Please restate each entry that appears below word for word, without its pictures.
Extracted entries section start
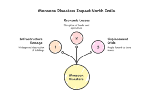 CONTEXT : India faces recurring monsoon-related disasters, with heavy rains causing floods and landslides across North India. The 2025 monsoon has been particularly destructive, with concentrated downpours overwhelming fragile Himalayan slopes, flooding plains, and damaging farmland. To break this cycle, India must prioritize preventive measures over reactive relief, focusing on climate-resilient infrastructure, early warning systems, and sustainable land management.
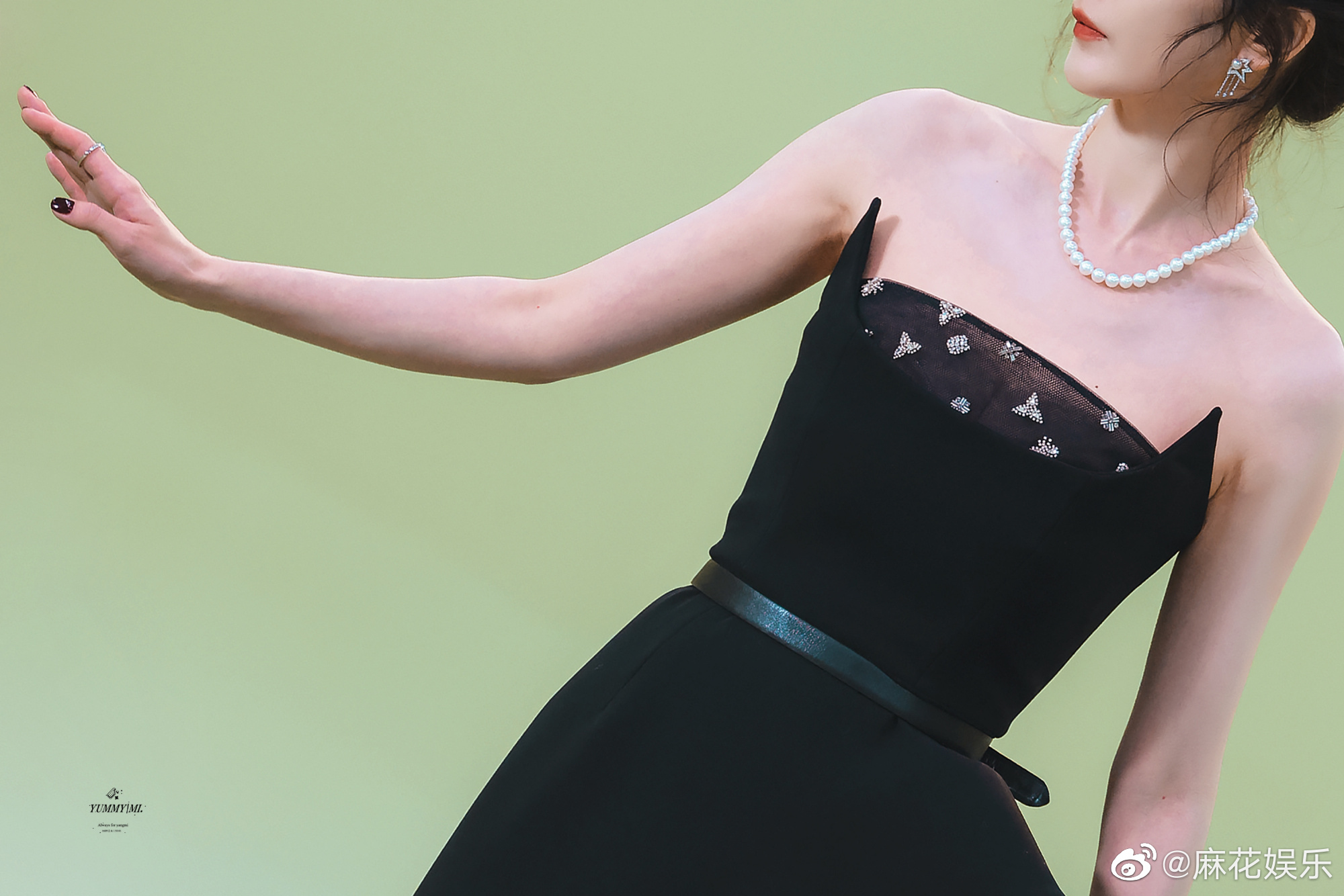 杨幂女士今天别太美黑裙盘发,珍珠项链点缀,精致优雅的恰到好处。
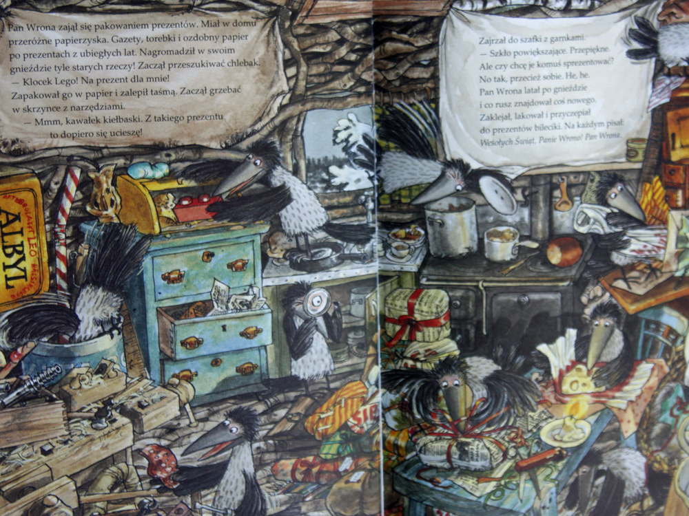 Pan Wrona zaszyty w ciemnym gnieździe, opatulony ciepłym kocem nawet zapomniał, że zbliża się Wigilia. Dla Pana Wrony najistotniejsze jest otrzymywanie prezentów, jednak nie liczy na życzliwość przyjaciół – przygotowuje prezenty sam dla siebie, sam je pakuje, sam rozpakowuje… i stwierdza, że w takim razie już po świętach…
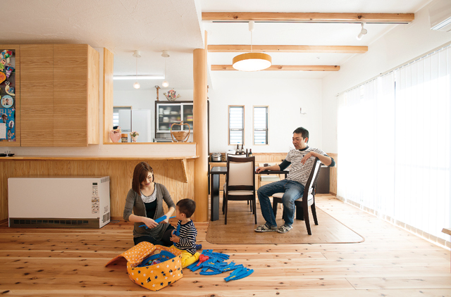 「住まい手が豊かさを感じる家」を目指し、〝地産地消の家〟に取り組むハヤシ工務店。県内各地から供給される木材を構造材だけでなく仕上げ材にもふんだんに採用し、樹齢50年を超える力強い大黒柱を現すなど、木材の温もりが伝わる豊かな空間造りが施主たちから共感を得ている。地域型住宅ブランド化事業『ちょうの家』に取り組むほか、家造り関連に地産の食や地元作家のクラフト作品も加えた『〝良(い)い・食・住〟暮らしづくり』も毎年開催。地産地消への思いは、暮らし全般に広がっている。また、吹付発泡断熱の『アイシネン』や『ジェイベック』を採用して〝高気密・高断熱+計画換気〟にも注力。快適な住環境造りにも余念がない。
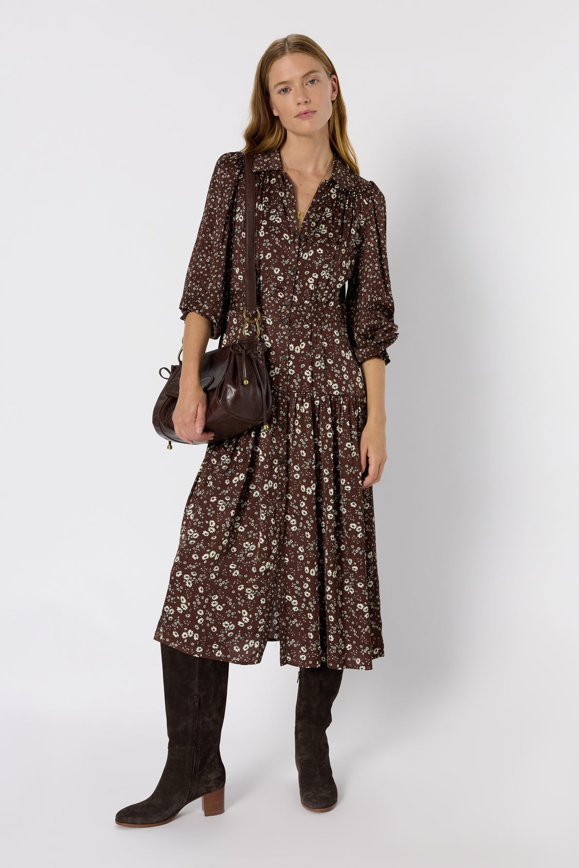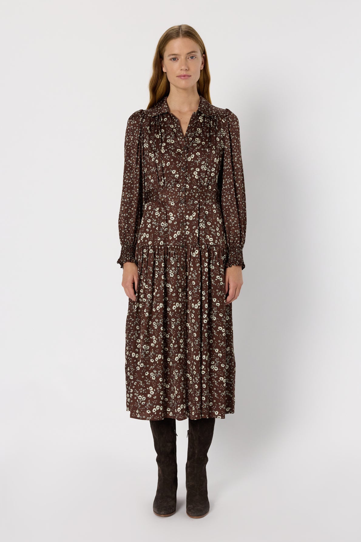 THE LONG SHIRT DRESS LOLITA IS DISTINGUISHED BY ITS CINCHED WAIST, WHICH STRUCTURES THE SILHOUETTE AND LENDS IT FEMININITY. ADORNED WITH FLOWERS, IT IS CRAFTED IN A SOFT-TO-THE-TOUCH SATIN MATERIAL. ITS TIGHTENED AND SMOCKED SLEEVES GIVE IT A SLIGHTLY
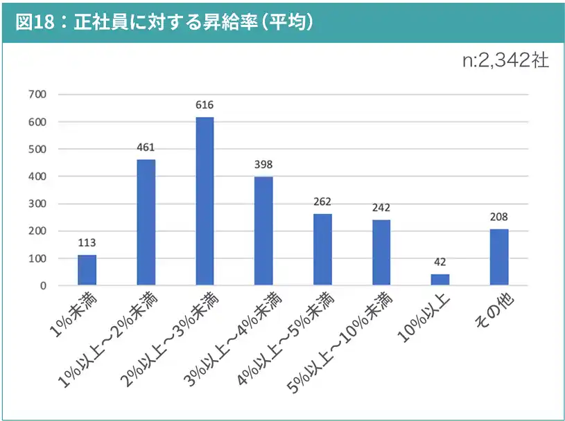 昇給率は「2~3%未満」が最も多く、全体の26.3%を占め、前回に続きこの水準が全体の中心値となっている。「1~2%未満」「3~4%未満」も含めた「1~4%未満」ゾーンで約7割を構成しており、業種地域を問わず、堅実かつ継続的な昇給が主流となっている。 |
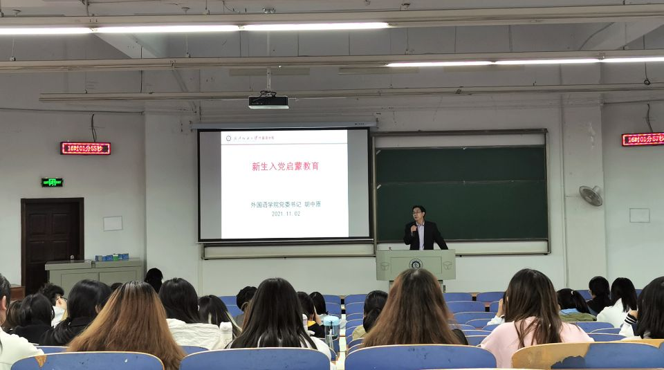 为了引导新生树立正确的入党动机,端正入党态度,树立远大志向,弘扬爱党爱国之志,11月12日,国产乱婬AV片免费在阳光校区崇志楼T202开展2021级新生入党教育讲座,国产乱婬AV片免费党委书记胡中原主讲,新生辅导员甘新敏和2022及全体新生参加讲座。
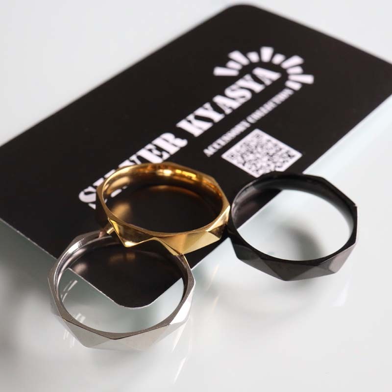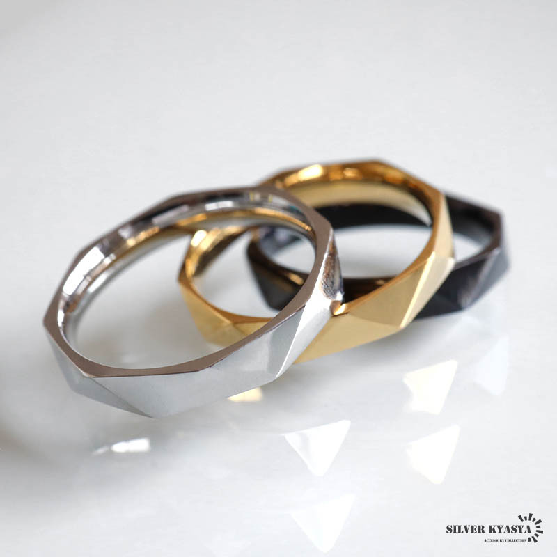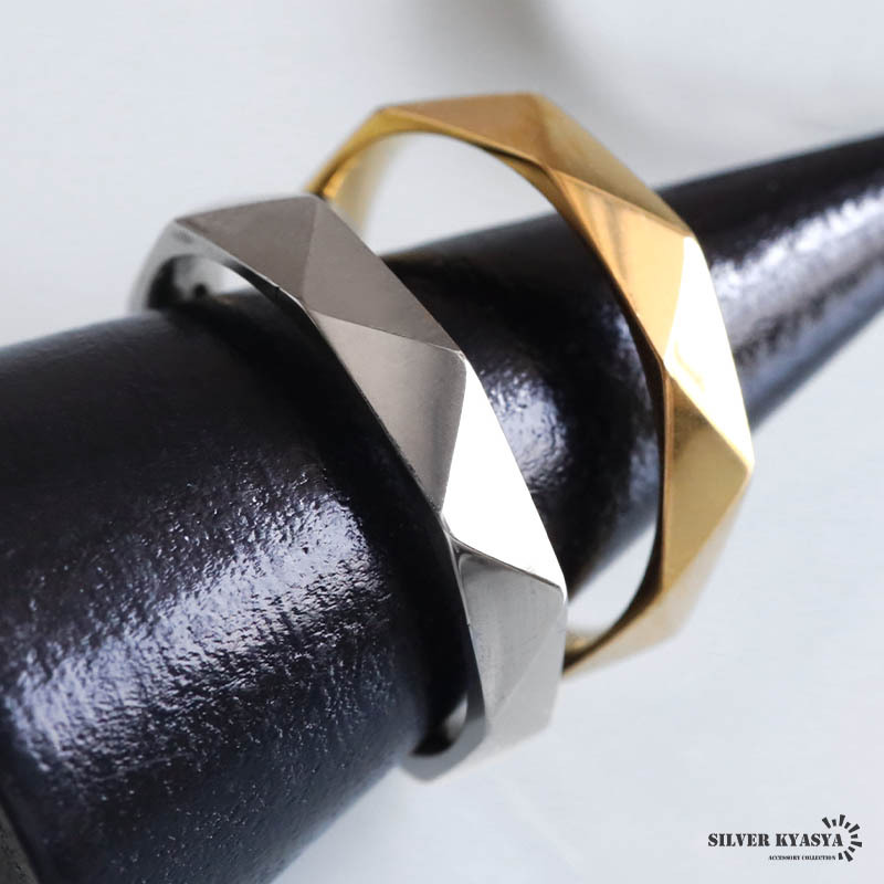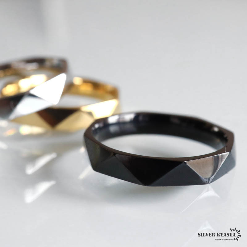 三角形の面を幾つも施したカットリング。面による光の反射がとても魅力的な逸品です。シンプルなデザインなので重ね付けはもちろん、様々なデザインのリングと合わせられるアイテムです。
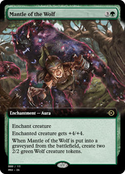 Enchant creature Enchanted creature gets +4/+4. When this Aura is put into a graveyard from the battlefield, create two 2/2 green Wolf creature tokens.
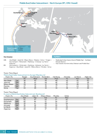 30 Asia - Europe Schedules and Transit times are subject to change.
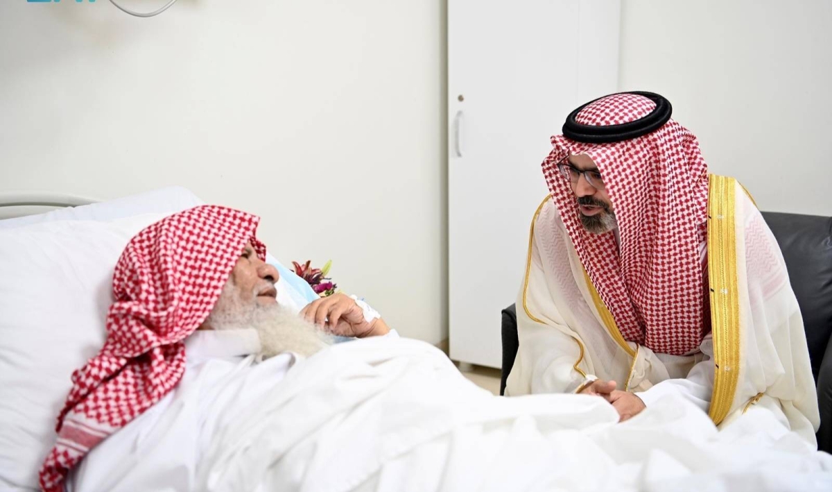 The Prince of Jazan Region, Prince Mohammed bin Abdulaziz, and his deputy, Prince Nasser bin Mohammed bin Abdullah bin Jiluwi, visited today (Friday) the former Chief of the Court of Appeal, Sheikh Ali bin Shayban Al-Amri, at Jazan General Hospital, after he suffered a health setback.
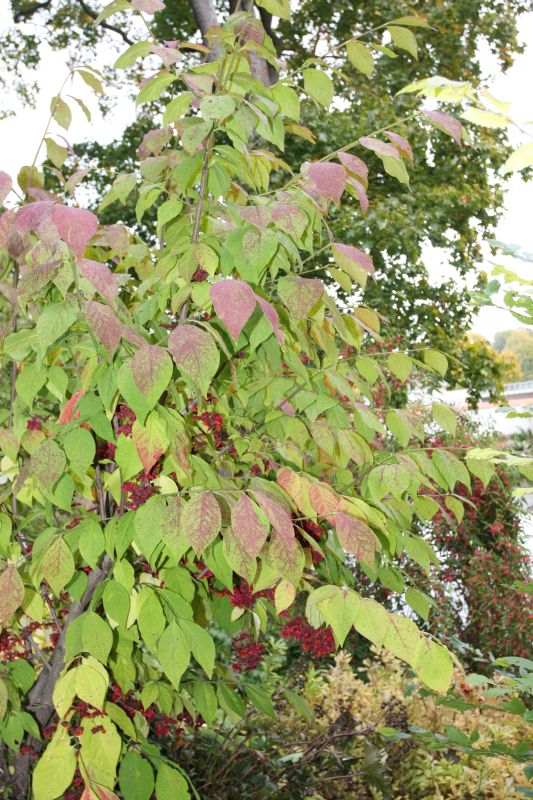 Morfoloģija. Dzinumi pelēcīgi brūni, cilindriski. Lapas eliptiskas līdz otrādi olveida, 3-12 cm garas un 2-8 cm platas, ar apaļu pamata, ar apaļu līdz smailu galu, smalki robainu malu, tumši zaļas. Kāts līdz 1,2 cm garš. Lapas kļūst karmīnsarkanas līdz dzeltenas rudenī. Zied ar 3-15 dzeltenzaļiem ziediem uz gariem kātiem. Zied maijā - jūnijā. Augļi ir sfēriskas pogaļas, līdz 1,5 cm platas, karmīnsarkanas. Sēklas sarkanas.
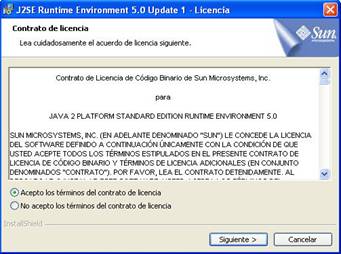 2.4.- Instalación de la Java Virtual Machine (JRE5.0)
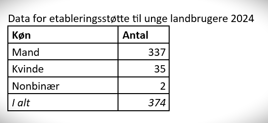 Dog er det ikke sådan, at de 241 mio. kr. er forbeholdt mænd, men reelt er det hankønnet, der scorer kassen. Landbrugsstyrelsen oplyser, at kun 35 af de 374 ansøgere er kvinder, dvs. 91% er mænd, så ministerens sprogvalg er ikke helt ved siden af.
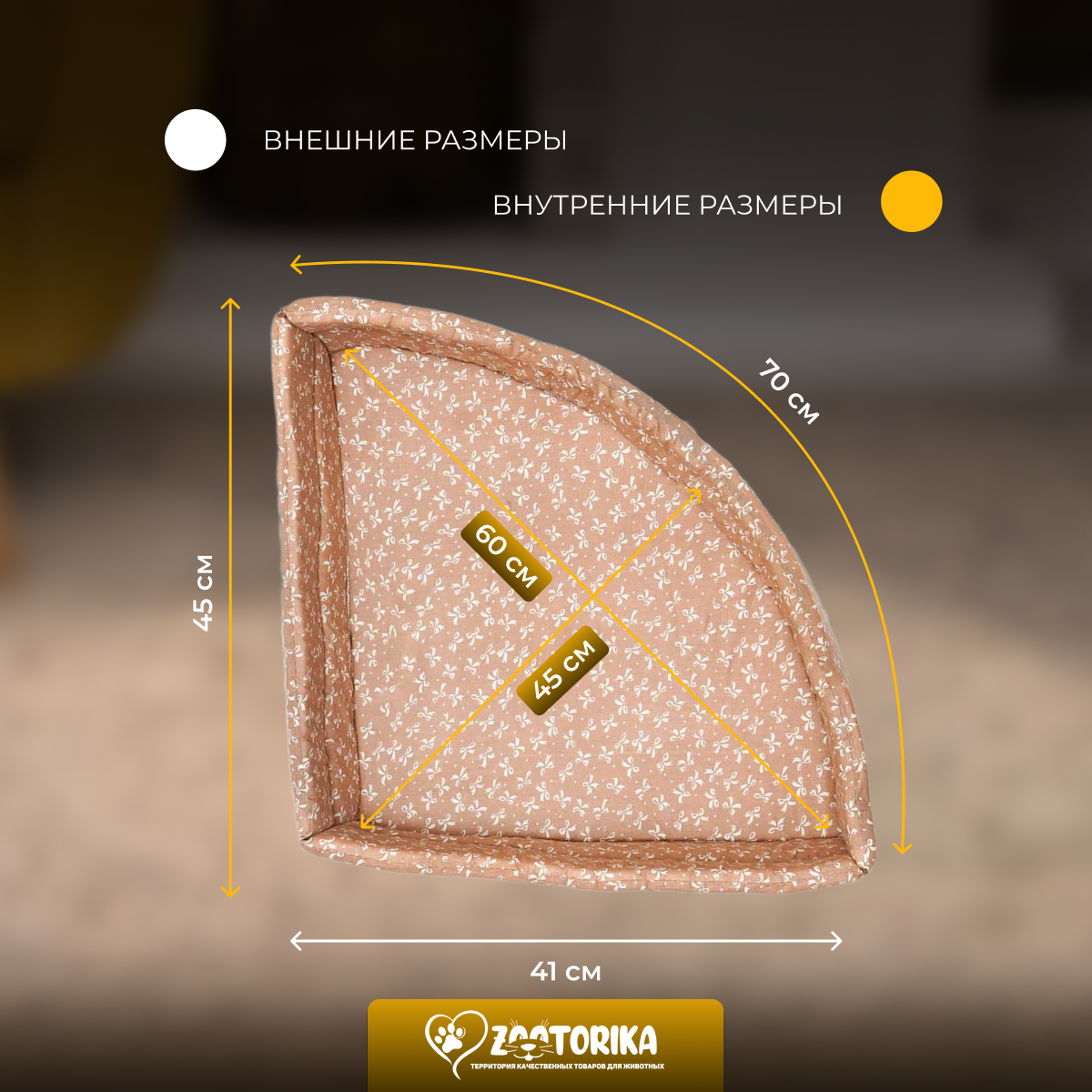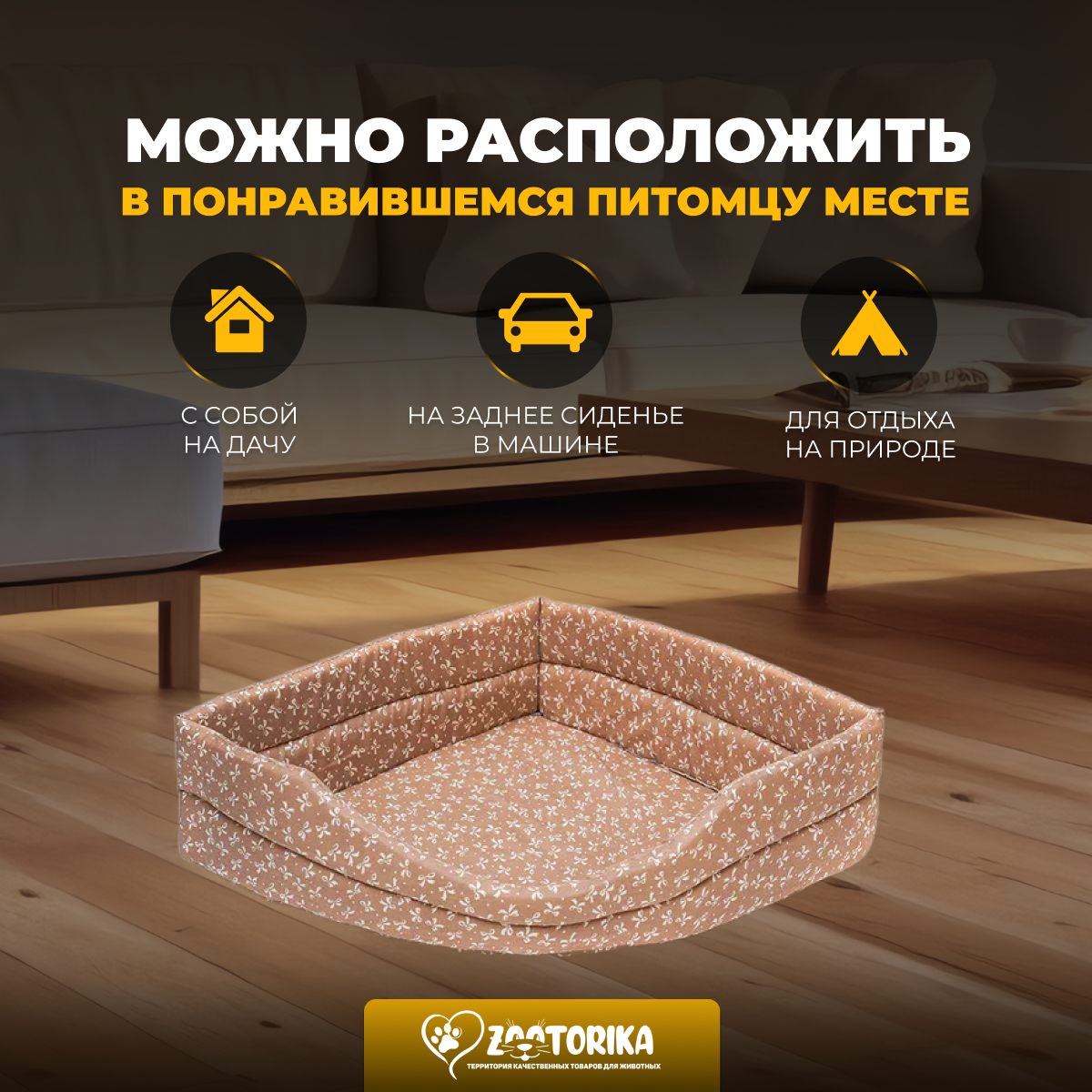 Лежанка для кошек и собак TerraBed угловая "Бантики", коричневая, 70х45 / Лежак для животных мелких пород интересное:
Extracted entries section end
● **Task output**:
 CONTEXT : India faces recurring monsoon-related disasters, with heavy rains causing floods and landslides across North India. The 2025 monsoon has been particularly destructive, with concentrated downpours overwhelming fragile Himalayan slopes, flooding plains, and damaging farmland. To break this cycle, India must prioritize preventive measures over reactive relief, focusing on climate-resilient infrastructure, early warning systems, and sustainable land management.
 杨幂女士今天别太美黑裙盘发,珍珠项链点缀,精致优雅的恰到好处。
 Pan Wrona zaszyty w ciemnym gnieździe, opatulony ciepłym kocem nawet zapomniał, że zbliża się Wigilia. Dla Pana Wrony najistotniejsze jest otrzymywanie prezentów, jednak nie liczy na życzliwość przyjaciół – przygotowuje prezenty sam dla siebie, sam je pakuje, sam rozpakowuje… i stwierdza, że w takim razie już po świętach…
 「住まい手が豊かさを感じる家」を目指し、〝地産地消の家〟に取り組むハヤシ工務店。県内各地から供給される木材を構造材だけでなく仕上げ材にもふんだんに採用し、樹齢50年を超える力強い大黒柱を現すなど、木材の温もりが伝わる豊かな空間造りが施主たちから共感を得ている。地域型住宅ブランド化事業『ちょうの家』に取り組むほか、家造り関連に地産の食や地元作家のクラフト作品も加えた『〝良(い)い・食・住〟暮らしづくり』も毎年開催。地産地消への思いは、暮らし全般に広がっている。また、吹付発泡断熱の『アイシネン』や『ジェイベック』を採用して〝高気密・高断熱+計画換気〟にも注力。快適な住環境造りにも余念がない。
 THE LONG SHIRT DRESS LOLITA IS DISTINGUISHED BY ITS CINCHED WAIST, WHICH STRUCTURES THE SILHOUETTE AND LENDS IT FEMININITY. ADORNED WITH FLOWERS, IT IS CRAFTED IN A SOFT-TO-THE-TOUCH SATIN MATERIAL. ITS TIGHTENED AND SMOCKED SLEEVES GIVE IT A SLIGHTLY
 昇給率は「2~3%未満」が最も多く、全体の26.3%を占め、前回に続きこの水準が全体の中心値となっている。「1~2%未満」「3~4%未満」も含めた「1~4%未満」ゾーンで約7割を構成しており、業種地域を問わず、堅実かつ継続的な昇給が主流となっている。 |
 为了引导新生树立正确的入党动机,端正入党态度,树立远大志向,弘扬爱党爱国之志,11月12日,国产乱婬AV片免费在阳光校区崇志楼T202开展2021级新生入党教育讲座,国产乱婬AV片免费党委书记胡中原主讲,新生辅导员甘新敏和2022及全体新生参加讲座。
 三角形の面を幾つも施したカットリング。面による光の反射がとても魅力的な逸品です。シンプルなデザインなので重ね付けはもちろん、様々なデザインのリングと合わせられるアイテムです。
 Enchant creature Enchanted creature gets +4/+4. When this Aura is put into a graveyard from the battlefield, create two 2/2 green Wolf creature tokens.
 30 Asia - Europe Schedules and Transit times are subject to change.
 The Prince of Jazan Region, Prince Mohammed bin Abdulaziz, and his deputy, Prince Nasser bin Mohammed bin Abdullah bin Jiluwi, visited today (Friday) the former Chief of the Court of Appeal, Sheikh Ali bin Shayban Al-Amri, at Jazan General Hospital, after he suffered a health setback.
 Morfoloģija. Dzinumi pelēcīgi brūni, cilindriski. Lapas eliptiskas līdz otrādi olveida, 3-12 cm garas un 2-8 cm platas, ar apaļu pamata, ar apaļu līdz smailu galu, smalki robainu malu, tumši zaļas. Kāts līdz 1,2 cm garš. Lapas kļūst karmīnsarkanas līdz dzeltenas rudenī. Zied ar 3-15 dzeltenzaļiem ziediem uz gariem kātiem. Zied maijā - jūnijā. Augļi ir sfēriskas pogaļas, līdz 1,5 cm platas, karmīnsarkanas. Sēklas sarkanas.
 2.4.- Instalación de la Java Virtual Machine (JRE5.0)
 Dog er det ikke sådan, at de 241 mio. kr. er forbeholdt mænd, men reelt er det hankønnet, der scorer kassen. Landbrugsstyrelsen oplyser, at kun 35 af de 374 ansøgere er kvinder, dvs. 91% er mænd, så ministerens sprogvalg er ikke helt ved siden af.
 Лежанка для кошек и собак TerraBed угловая "Бантики", коричневая, 70х45 / Лежак для животных мелких пород интересное:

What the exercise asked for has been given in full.